Using Google, it was interesting to note that this registrar has had a history of being involved in legal battles where customers of theirs have induced legal situations by attempting to perform shady activities, such as registering domains like cocacola.info and other nonsense. Admittedly, this isn't up to the registrar to handle, but SpyProductions looks to be a one-man operation (you can find the owners' blog online).

He seems like a decent enough fellow, but regardless of that fact, I wouldn't bother registering a domain with them -- or if you already have, consider closing your account with them and getting your CC number changed. All of the above is an accident waiting to happen...

Support for Sender ID SPF records

Parodius is now publishing Sender ID SPF records. Our SPF records are presently using SOFTFAIL (~all); this means that mail which does not pass SPF tests will be marked as "potentially" being sent from an invalid sender, but does not induce a 100% failure. We are using SOFTFAIL "just in case" things don't work correctly.

Our SPF records presently do not apply to "subdomains" (i.e. foobar.parodius.com). In addition, our SMTP servers are now configured to do SPF lookups as well.
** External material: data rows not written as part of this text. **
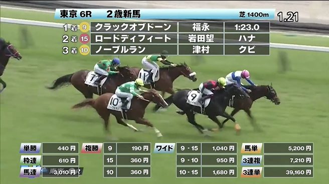◎ノーブルラン(6人気)3着 複勝360円 - 6/5【東京7R】3歳以上1勝クラス
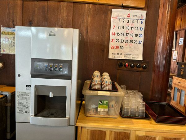 お茶と水はセルフサービス。レジの前付近に給湯器が置いてありました。
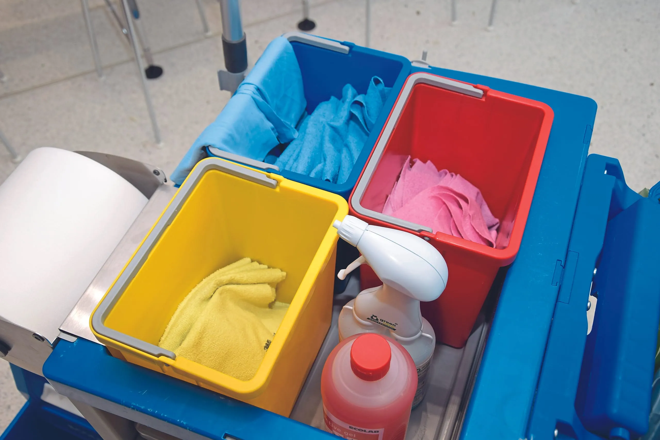 Bei einer Umstellung muss sichergestellt sein, dass auch die Reinigungswagen für die Boxen geeignet sind. Es gibt am Markt unterschiedliche Systeme. Die rechteckigen Boxen sollten einen dicht schließenden Deckel haben und stapelbar sein. Bei manchen Herstellern haben die Boxen einen gewölbten Boden, was das Einführen des Breitwischgerätes erleichtert.

Important notes for Parodius users:

  1. Individuals sending mail through their ISP's mail servers with a user@parodius.com address may find that some mail may get rejected by Internet mail servers using SPF. These individuals should contact us to configure sending mail for user@parodius.com through our mail servers instead.
  2. Individuals bouncing (forwarding without changing headers) mail without changing the From: header line to match their own address may find that such mail may get rejected by Internet mail servers using SPF. This is a known limitation of SPF (the link content refers to bouncing as "forwarding", and forwarding as "remailing"). Users should configure their mail client to change the From: line, or do it manually, before bouncing mail. In the future, we will likely adopt the SRS model, which should address this issue.